Measure for measures: What do standardized tests really tell us about students and schools?
HGSE Professor Daniel Koretz
Video Clip (Part 2)
A test is like a poll
Daniel Koretz: The one that really matters the most, the misconception that matters the most is the notion somehow a good test measures all of what’s important. A good test is like a political poll. It’s a very small sample of something much larger. For example, we give in Massachusetts and many states give tests in high school that are supposed to summarize what kids have learned in mathematics over a course of, most cases, ten years.
Well, hopefully they’ve learned a great deal, but the number of actual questions on that test is very small. So just as you predict a presidential election by polling 500 or 700 or 1,000 out of 120 million voters, you sample from this big domain of achievement a modest number of things that allow you to predict the whole. That’s all a test is, and its value is only as a tool for estimating what kids really know about the whole.
Failing to understand that underlies, I think, a lot of the unfortunate consequences of high stakes testing today because people think that if they teach what’s on the test, they must be doing the right thing. It’s analogous to saying if we persuade the people in the next poll to vote one way or the other, we’ve won the election.
Improvement vs. accountability
Daniel Koretz: Testing for instructional improvement and testing for accountability are, in some sense, opposite ends of the continuum. They’re not necessarily in direct conflict. If you go back to the days when testing was lower pressure, let’s say you gave a test to fourth graders in your district and they found that they don’t know how to do long division very well compared to other fourth graders. Well, what would be a logical response? You’d want teachers to put more emphasis on long division.
That may seem like a trivial example, but that’s part of the purpose of testing, to allow you to know what you need to do differently or better. That’s the goal of accountability as well, to tell people that we’ve now figured out what they do well and what they don’t do well, and to push them to do some things better.
It’s really a matter of degree, that if the pressure becomes too severe, then people game the system. And this is not a problem limited to education; it’s just everywhere you look. So for example, some years ago, the British National Health Service imposed time limits on the amount of time that patients could be waiting in emergency rooms, which for people who’ve waited in emergency rooms would seem like a very good thing to do. And it was a good thing to do, but unfortunately people gamed the system in a number of ways, one of which is that some hospitals kept patients in queues of ambulances out on the street until they had enough room that they were confident that they could get them through in four hours.
Well, the answer to that problem isn’t, stop worrying about wait times. It’s, find a better way to hold hospitals accountable for keeping wait times short. And the same is true in education. The answer to the current problems we’re seeing is not, in my view, stop holding schools accountable for teaching kids. It’s, find a better way to do it, one that has fewer side effects.
The problem with “bins”
Daniel Koretz: Breaking people into these bins — below basic, basic, proficient, advanced — has, in my view, been one of the worst decisions we made in testing in decades. And there are many reasons for that. One of them is that it’s a very insensitive way to report performance. So imagine that you’re teaching in a really poor school and your state has high standards. So a lot of your kids are way below the basic standard, and you get them up a really large distance in the first couple of years you’re teaching there. But most of them don’t quite get to the basic threshold.

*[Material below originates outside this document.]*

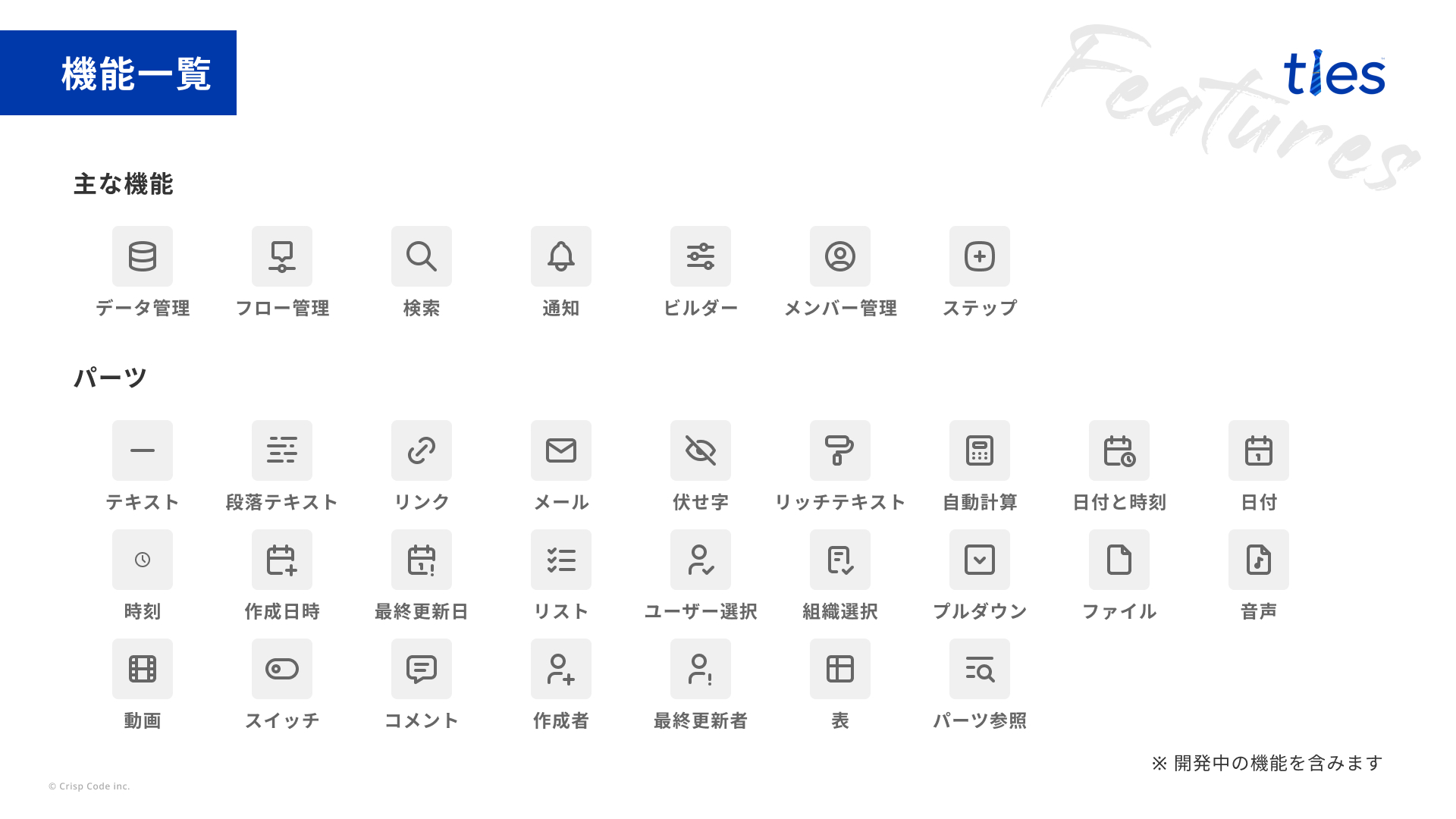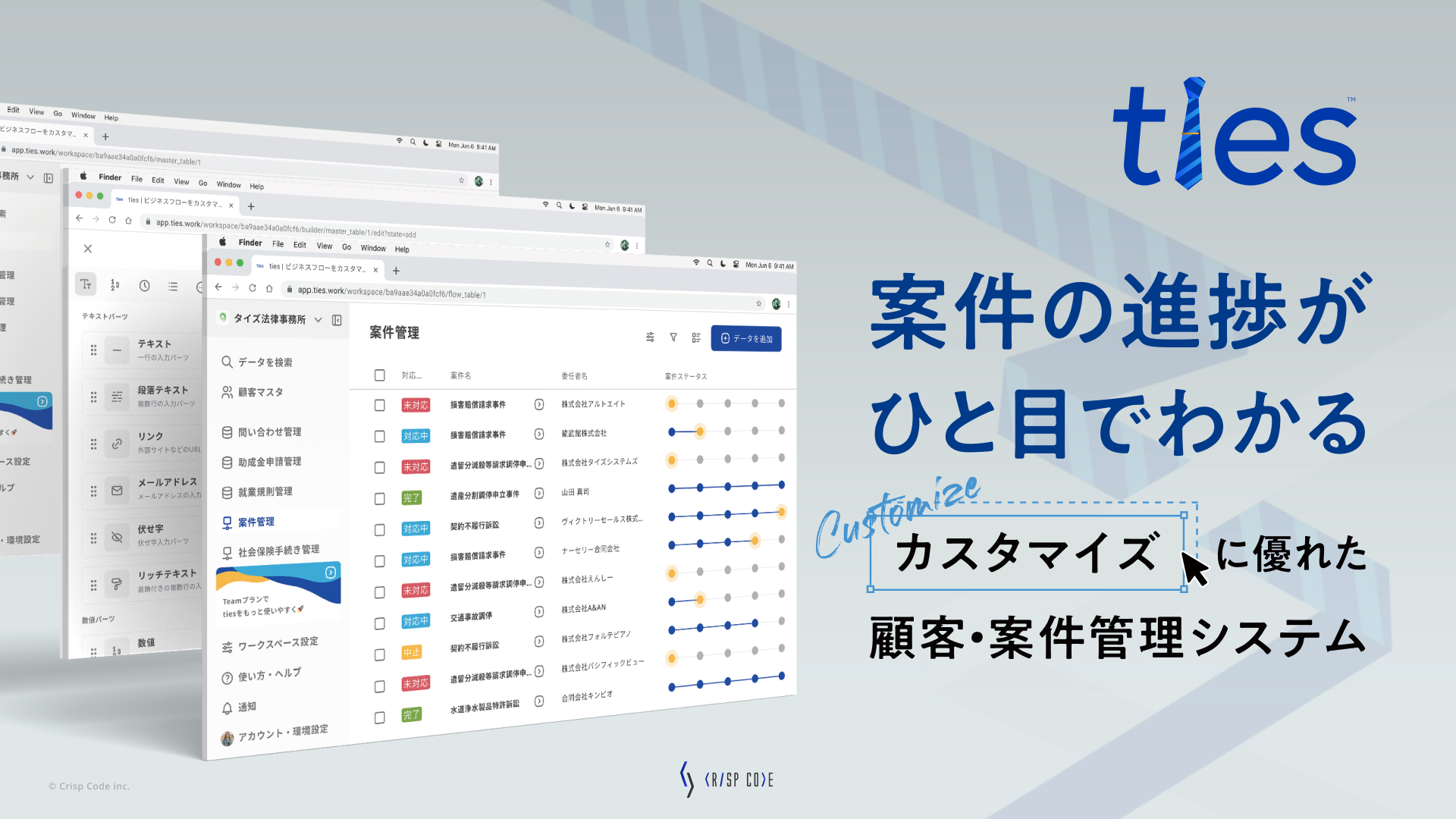 tiesは、自身にあった項目にカスタマイズできる「顧客・案件管理システム」です。 中小企業や個人事業主が抱える顧客や案件などのあらゆる情報をマメに管理することで、 機会損失を防ぐのはもちろん、売上を伸ばす自身の強みを見つけることができます。 今までのエクセルや紙の管理から脱却しませんか?

That will show up in today’s reporting systems as no progress whatever. Whereas some other person who has figured out what’s now called the bubble kids, who the bubble kids are, the kids right on the cusp, and moves a bunch of them from just below that cut score to just above will look like they’re making huge progress. So the first problem is that. It just is a very coarse and potentially misleading indictor.

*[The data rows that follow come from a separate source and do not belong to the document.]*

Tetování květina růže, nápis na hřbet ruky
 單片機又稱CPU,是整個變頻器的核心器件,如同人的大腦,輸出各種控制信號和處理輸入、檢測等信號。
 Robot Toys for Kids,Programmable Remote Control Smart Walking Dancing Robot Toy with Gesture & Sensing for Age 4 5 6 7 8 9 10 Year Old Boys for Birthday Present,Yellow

The second is, it creates really bad incentives. And we’re now beginning to slowly accumulate research confirming that when you reward teachers for getting kids across one line, they focus on the kids who are near the line to the detriment of others, some teachers do.
The third reason is much more complicated to explain, but I think very important, which is that if you report as we now do by law, report performance in terms of statistics like percent of kids who are proficient, and you ask really fundamental questions, like, “Are African-American kids catching up with whites or falling further behind” (it’s hard to come up with a more important question than that) you will always get the wrong answer if you report in terms of the percent above a cut score.
To explain the mathematics now would take more time than you want, I think, but the basic bottom line is that a change in that percentage depends on two things. One is, how much progress is each group really making? And the second is, how many of the kids in that particular group are bunched up near that cut score? And this has been shown-- This is not just an abstract possibility. It’s been shown, for instance, very clearly with the national assessment. If you look at reasonable measures, you’ll see that African-Americans have resumed gaining on whites. They gained for many years. That progress stopped in the ‘90s, and it just resumed.
If you look at percent above cut scores, the percent who are in the above basic, above proficient categories, what you get is a hodgepodge. For some cut scores, it looks like African-Americans are gaining. For some cut scores, it looks like they’re falling further behind. And that’s completely an artifact of where the cut scores are set.